DATA:
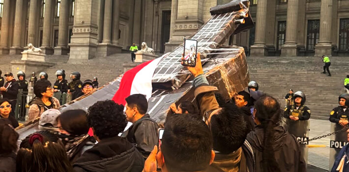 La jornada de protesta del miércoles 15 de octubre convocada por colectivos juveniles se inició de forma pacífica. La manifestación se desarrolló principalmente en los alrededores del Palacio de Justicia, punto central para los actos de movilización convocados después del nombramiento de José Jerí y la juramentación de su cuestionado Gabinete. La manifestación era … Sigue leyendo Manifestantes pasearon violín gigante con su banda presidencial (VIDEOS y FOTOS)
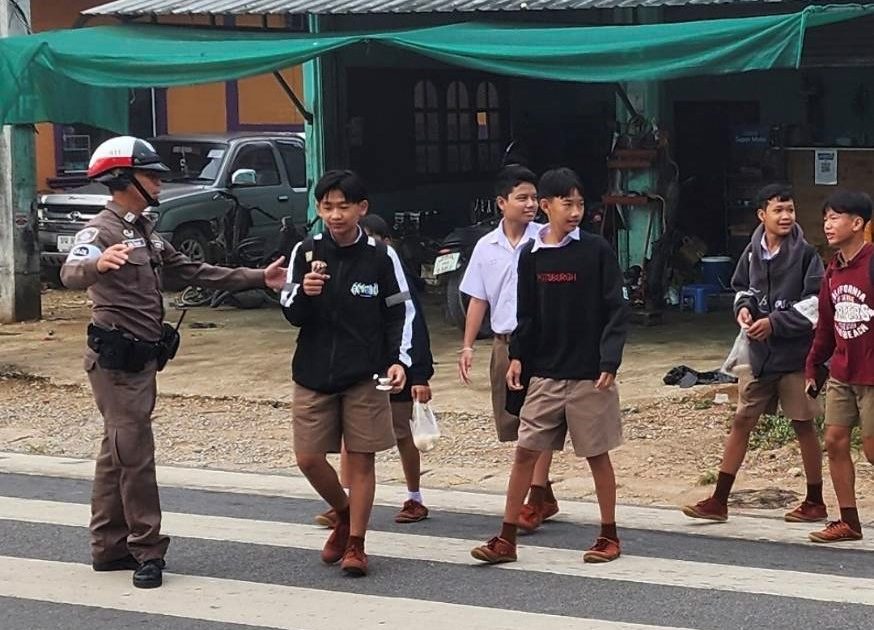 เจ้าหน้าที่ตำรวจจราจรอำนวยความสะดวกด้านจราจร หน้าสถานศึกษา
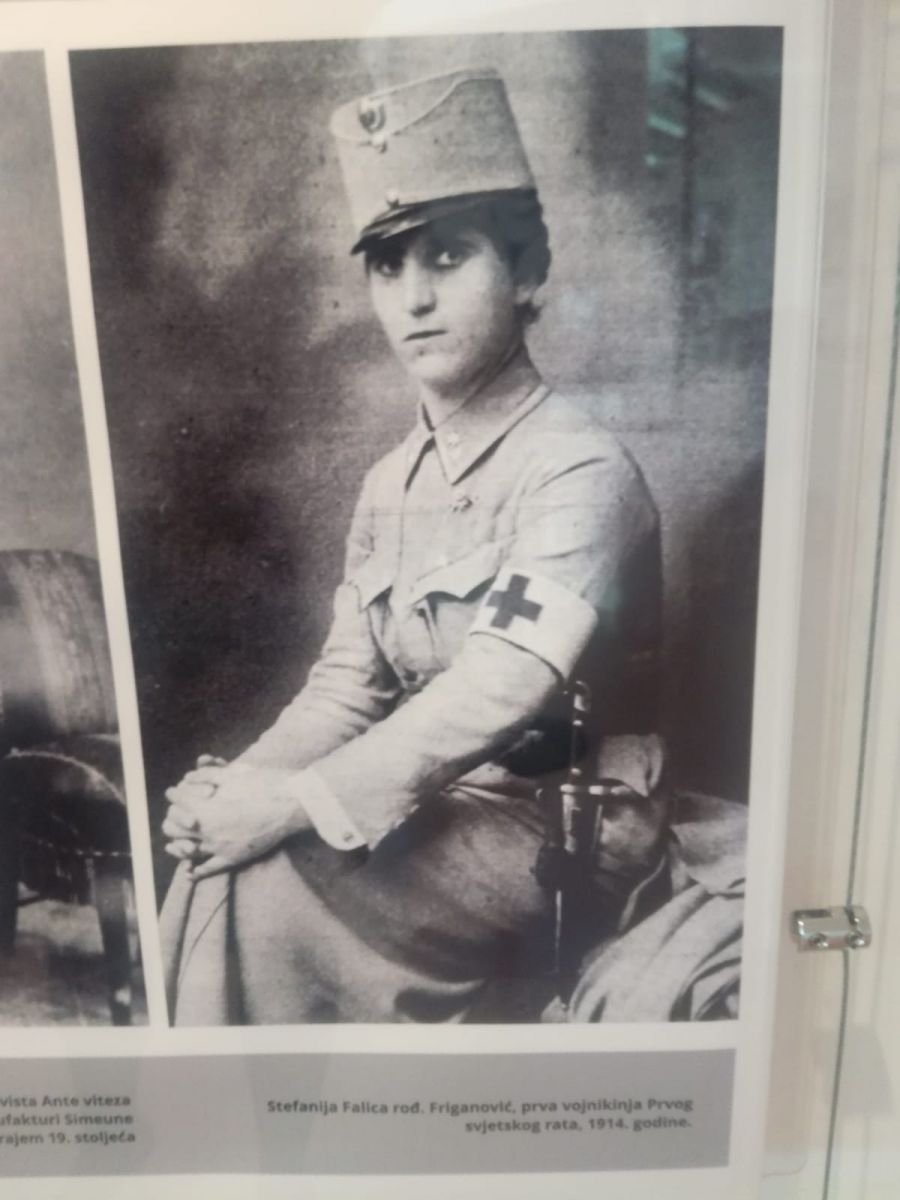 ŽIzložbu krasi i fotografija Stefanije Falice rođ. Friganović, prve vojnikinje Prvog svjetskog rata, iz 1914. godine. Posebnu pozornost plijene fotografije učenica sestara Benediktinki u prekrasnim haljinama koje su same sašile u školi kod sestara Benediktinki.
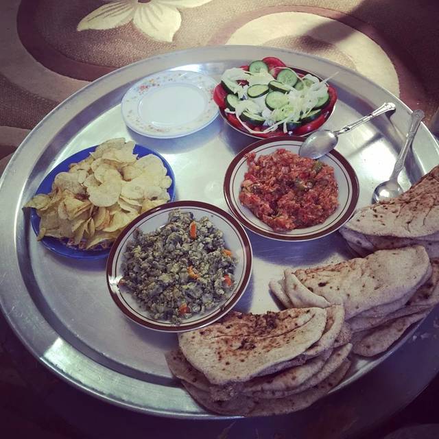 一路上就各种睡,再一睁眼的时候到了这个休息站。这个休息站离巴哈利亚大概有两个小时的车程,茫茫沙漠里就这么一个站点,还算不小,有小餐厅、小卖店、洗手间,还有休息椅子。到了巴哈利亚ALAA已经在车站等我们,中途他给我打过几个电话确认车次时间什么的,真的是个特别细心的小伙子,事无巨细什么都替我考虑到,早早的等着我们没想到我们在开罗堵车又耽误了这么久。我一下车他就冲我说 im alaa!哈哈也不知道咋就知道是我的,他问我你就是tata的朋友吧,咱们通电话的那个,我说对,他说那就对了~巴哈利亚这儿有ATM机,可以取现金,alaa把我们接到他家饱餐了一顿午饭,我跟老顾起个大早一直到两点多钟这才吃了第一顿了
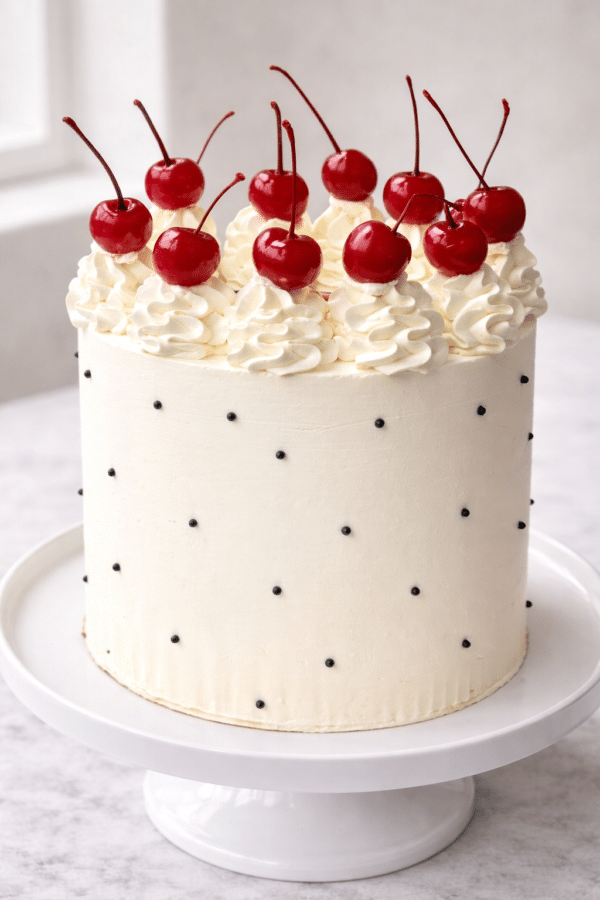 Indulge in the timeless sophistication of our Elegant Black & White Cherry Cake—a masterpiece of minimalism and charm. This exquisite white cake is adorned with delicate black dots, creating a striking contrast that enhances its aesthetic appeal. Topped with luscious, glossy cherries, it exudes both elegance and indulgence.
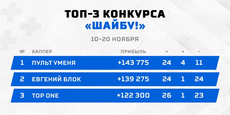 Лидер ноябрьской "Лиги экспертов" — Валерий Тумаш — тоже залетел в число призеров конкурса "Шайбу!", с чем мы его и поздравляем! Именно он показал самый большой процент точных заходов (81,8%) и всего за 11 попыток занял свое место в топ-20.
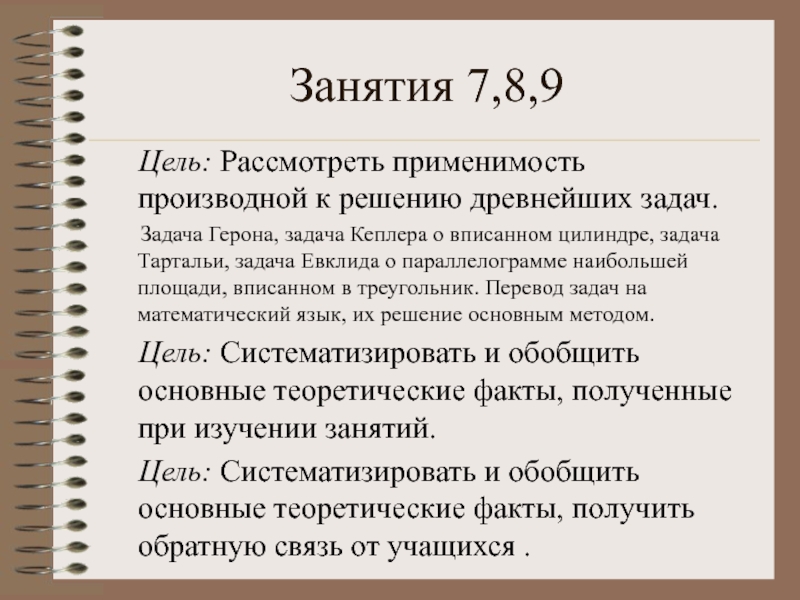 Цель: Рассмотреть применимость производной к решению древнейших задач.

* * *

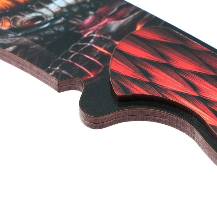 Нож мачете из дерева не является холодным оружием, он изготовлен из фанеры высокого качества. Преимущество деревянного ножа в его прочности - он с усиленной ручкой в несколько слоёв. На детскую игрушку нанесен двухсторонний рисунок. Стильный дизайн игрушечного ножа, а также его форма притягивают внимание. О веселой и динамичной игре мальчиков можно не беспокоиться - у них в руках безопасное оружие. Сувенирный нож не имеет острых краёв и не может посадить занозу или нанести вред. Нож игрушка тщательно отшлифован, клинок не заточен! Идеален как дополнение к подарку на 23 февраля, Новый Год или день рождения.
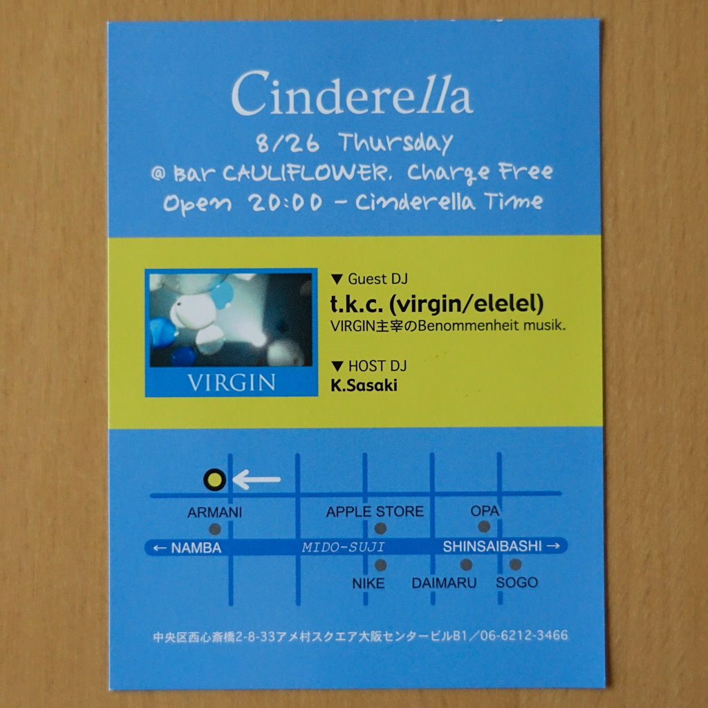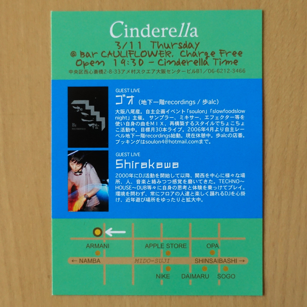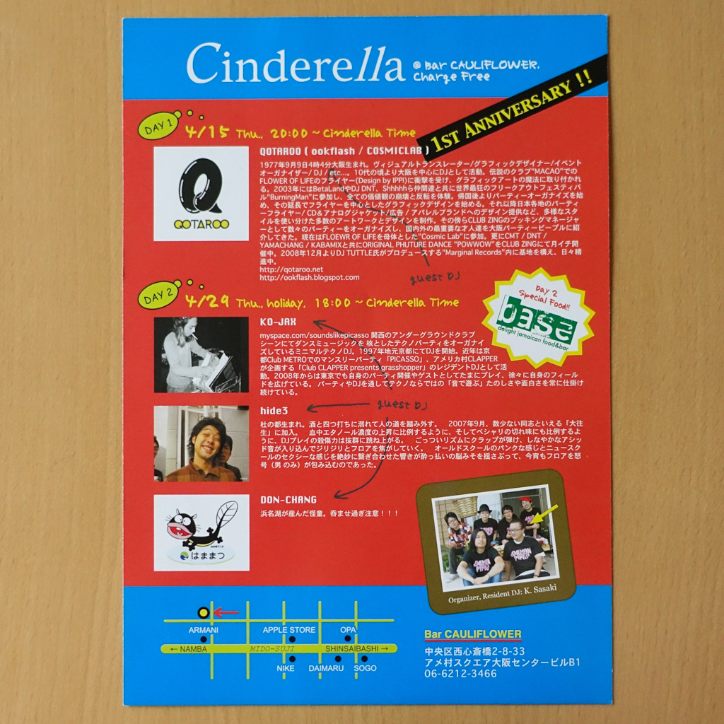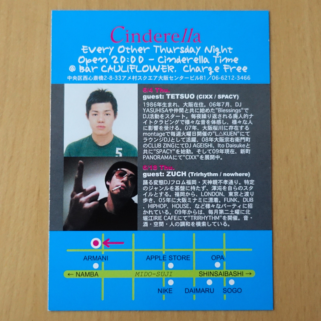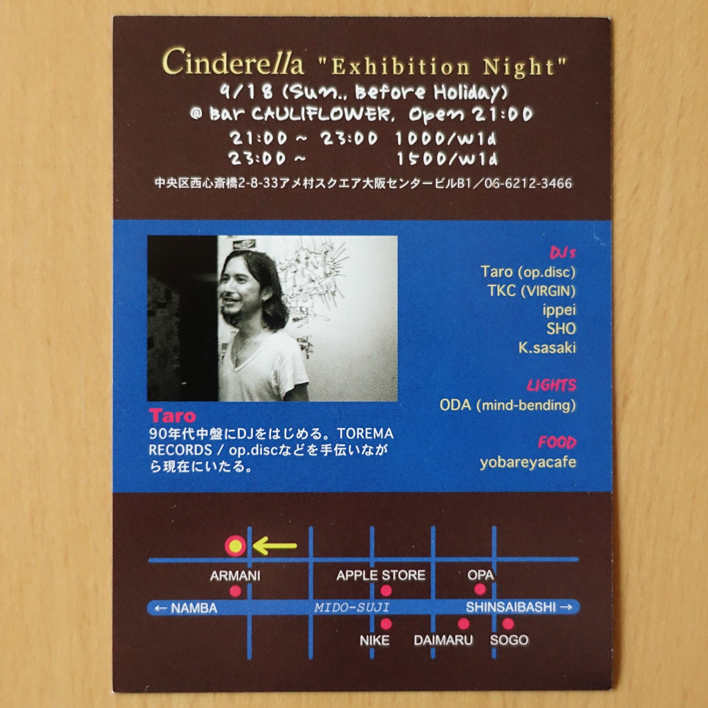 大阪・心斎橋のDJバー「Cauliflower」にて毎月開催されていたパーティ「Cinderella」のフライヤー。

EXERCISE DETAILS: Look above for the line with "место в топ-20." and copy exactly from it through the line with "Цель: Рассмотреть применимость", both included. Omit the pictures.

RESPONSE BELOW:
 Лидер ноябрьской "Лиги экспертов" — Валерий Тумаш — тоже залетел в число призеров конкурса "Шайбу!", с чем мы его и поздравляем! Именно он показал самый большой процент точных заходов (81,8%) и всего за 11 попыток занял свое место в топ-20.
 Цель: Рассмотреть применимость производной к решению древнейших задач.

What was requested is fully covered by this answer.